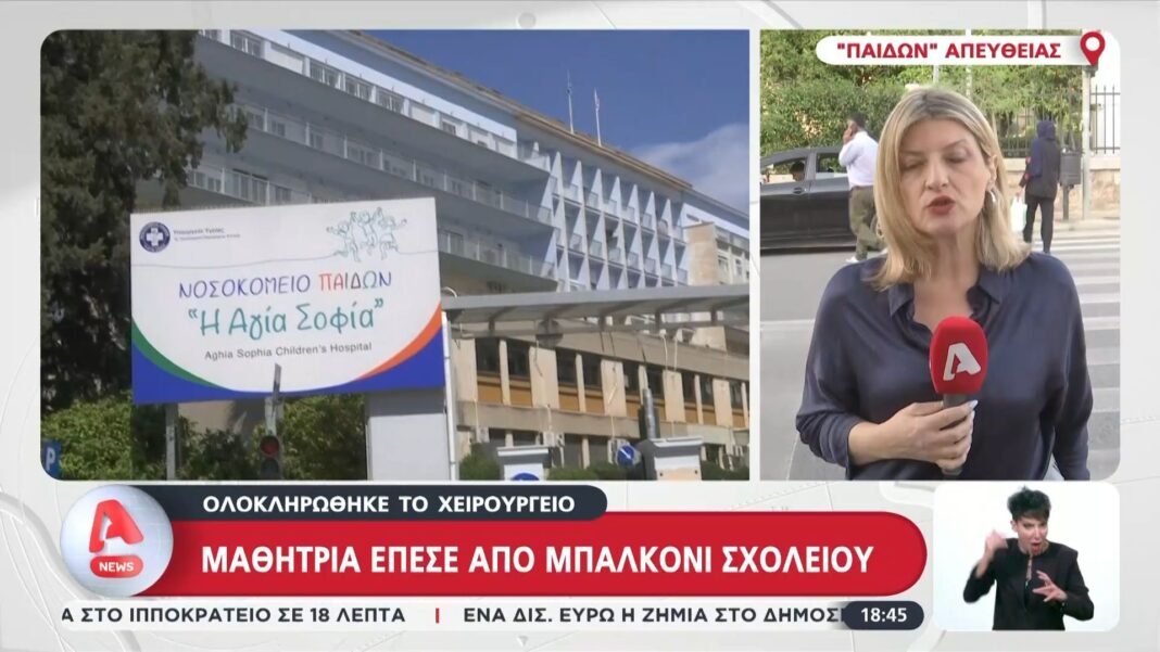 Η μαθήτρια που υπέστη σοβαρό τραυματισμό μετά την πτώση της από μπαλκόνι σχολείου, υποβλήθηκε σε πολύωρη χειρουργική επέμβαση. Οι γιατροί εργάστηκαν ακούραστα για να σταθεροποιήσουν την κατάσταση της, ενώ οι επόμενες ώρες είναι κρίσιμες για την ανάρρωσή της.
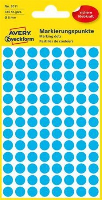 Etikett, 8 mm, kör, AVERY ZWECKFORM, kék, 416 etikett/csomag
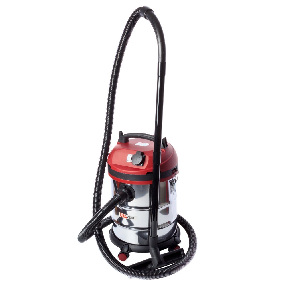 Мощный двигатель Розетка для подключения электроинструмента Удобный 3-х позиционный выключатель Нера-фильтр Возможность сбора жидкости Бак из нержавеющей стали Длинный сетевой кабель Удобные поворотные транспортировочные колёса |
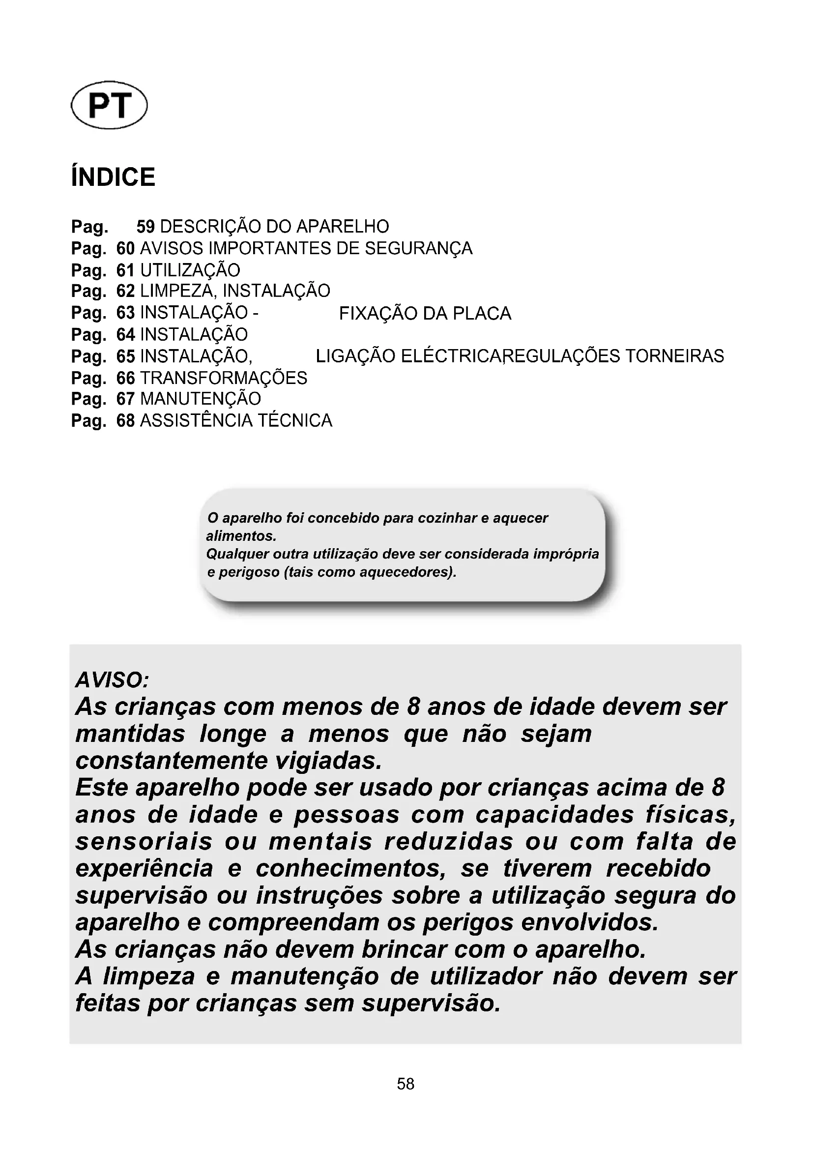 Pag. 66 TRANSFORMAÇÕES Pag. 67 MANUTENÇÃO Pag. 68 ASSISTÊNCIA TÉCNICA AVISO: As crianças com menos de 8 anos de idade devem ser mantidas longe a menos que não sejam constantemente vigiadas. Este aparelho pode ser usado por crianças acima de 8 anos de idade e pessoas com capacidades físicas, sensoriais ou mentais reduzidas ou com falta de experiência e conhecimentos, se tiverem recebido supervisão ou instruções sobre a utilização segura do aparelho e compreendam os perigos envolvidos. As crianças não devem brincar com o aparelho. A limpeza e manutenção de utilizador não devem ser feitas por crianças sem supervisão.59
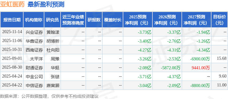 亚虹医药2025年三季报显示,前三季度公司主营收入2.16亿元,同比上升55.74%;归母净利润-2.49亿元,同比上升8.08%;扣非净利润-2.67亿元,同比上升6.69%;其中2025年第三季度,公司单季度主营收入8617.08万元,同比上升47.41%;单季度归母净利润-8673.28万元,同比上升0.14%;单季度扣非净利润-8970.67万元,同比下降0.71%;负债率19.2%,投资收益1471.07万元,财务费用576.39万元,毛利率74.76%。
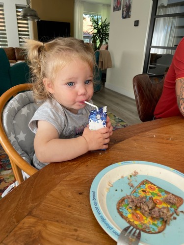 Wel grappig dat ze zichzelf soms corrigeert. Dan zie je het handje het eten omhoog gaan om te gooien en zegt ze niet doen 😂
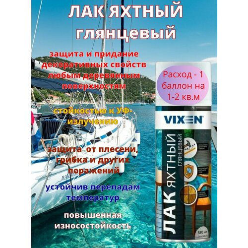 Атмосферостойкий однокомпонентный лак для обработки дерева. Предназначен для защиты и придания декоративных свойств любым деревянным поверхностям (лодкам, террасам, дверям, мебели, лестницам, паркетным и дощатым полам, оконным рамам и др.), эксплуатируемых в условиях повышенной влажности и неблагоприятных атмосферных условий. Придает покрытию слегка желтоватый оттенок. Яхтный лак в основном используется как лак для мебели. Аэрозоль создает высокопрочное покрытие, которое обладает повышенной износостойкостью, стойкостью к УФ-излучению, перепадам температур, длительному воздействию морской и пресной воды, а также бытовых моющих средств. Лак для дерева - яхтный лак или лак мебельный для дерева надежно защищает деревянные поверхности от образования плесени, грибка и других биологических поражений. Обладает высокой адгезией. Может наноситься на поверхности, окрашенные алкидными и алкидно-уретановыми лакокрасочными материалами. Обладает слегка желтоватым оттенком ввиду специфики смолы.
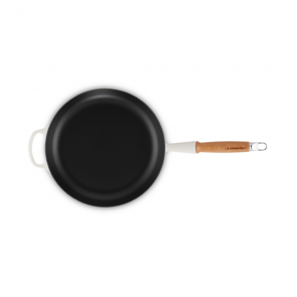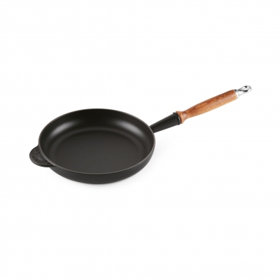 Pan ( diam. 28 cm) made of vitrified cast iron and wooden handle. Available in 3 color finishes (orange, cherry and matt black) this pan is perfect for sautéing vegetables or fish but also for grilling meat. The vitrified cast iron, the material on which the Le Creuset brand is based, allows the pan to distribute the heat evenly and quickly seal the outside of the food. The result? Top quality foods that no pan can provide! Get maximum control: the wooden handle makes it comfortable ansd easy to grip, lift and move. The high walls prevent splashing and retain the juices of the sauces, letting you get the most out of your creations!
☆ ☆ ☆ ☆
Drop the pictures and reproduce the rest of the data above exactly.

 Η μαθήτρια που υπέστη σοβαρό τραυματισμό μετά την πτώση της από μπαλκόνι σχολείου, υποβλήθηκε σε πολύωρη χειρουργική επέμβαση. Οι γιατροί εργάστηκαν ακούραστα για να σταθεροποιήσουν την κατάσταση της, ενώ οι επόμενες ώρες είναι κρίσιμες για την ανάρρωσή της.
 Etikett, 8 mm, kör, AVERY ZWECKFORM, kék, 416 etikett/csomag
 Мощный двигатель Розетка для подключения электроинструмента Удобный 3-х позиционный выключатель Нера-фильтр Возможность сбора жидкости Бак из нержавеющей стали Длинный сетевой кабель Удобные поворотные транспортировочные колёса |
 Pag. 66 TRANSFORMAÇÕES Pag. 67 MANUTENÇÃO Pag. 68 ASSISTÊNCIA TÉCNICA AVISO: As crianças com menos de 8 anos de idade devem ser mantidas longe a menos que não sejam constantemente vigiadas. Este aparelho pode ser usado por crianças acima de 8 anos de idade e pessoas com capacidades físicas, sensoriais ou mentais reduzidas ou com falta de experiência e conhecimentos, se tiverem recebido supervisão ou instruções sobre a utilização segura do aparelho e compreendam os perigos envolvidos. As crianças não devem brincar com o aparelho. A limpeza e manutenção de utilizador não devem ser feitas por crianças sem supervisão.59
 亚虹医药2025年三季报显示,前三季度公司主营收入2.16亿元,同比上升55.74%;归母净利润-2.49亿元,同比上升8.08%;扣非净利润-2.67亿元,同比上升6.69%;其中2025年第三季度,公司单季度主营收入8617.08万元,同比上升47.41%;单季度归母净利润-8673.28万元,同比上升0.14%;单季度扣非净利润-8970.67万元,同比下降0.71%;负债率19.2%,投资收益1471.07万元,财务费用576.39万元,毛利率74.76%。
 Wel grappig dat ze zichzelf soms corrigeert. Dan zie je het handje het eten omhoog gaan om te gooien en zegt ze niet doen 😂
 Атмосферостойкий однокомпонентный лак для обработки дерева. Предназначен для защиты и придания декоративных свойств любым деревянным поверхностям (лодкам, террасам, дверям, мебели, лестницам, паркетным и дощатым полам, оконным рамам и др.), эксплуатируемых в условиях повышенной влажности и неблагоприятных атмосферных условий. Придает покрытию слегка желтоватый оттенок. Яхтный лак в основном используется как лак для мебели. Аэрозоль создает высокопрочное покрытие, которое обладает повышенной износостойкостью, стойкостью к УФ-излучению, перепадам температур, длительному воздействию морской и пресной воды, а также бытовых моющих средств. Лак для дерева - яхтный лак или лак мебельный для дерева надежно защищает деревянные поверхности от образования плесени, грибка и других биологических поражений. Обладает высокой адгезией. Может наноситься на поверхности, окрашенные алкидными и алкидно-уретановыми лакокрасочными материалами. Обладает слегка желтоватым оттенком ввиду специфики смолы.
 Pan ( diam. 28 cm) made of vitrified cast iron and wooden handle. Available in 3 color finishes (orange, cherry and matt black) this pan is perfect for sautéing vegetables or fish but also for grilling meat. The vitrified cast iron, the material on which the Le Creuset brand is based, allows the pan to distribute the heat evenly and quickly seal the outside of the food. The result? Top quality foods that no pan can provide! Get maximum control: the wooden handle makes it comfortable ansd easy to grip, lift and move. The high walls prevent splashing and retain the juices of the sauces, letting you get the most out of your creations!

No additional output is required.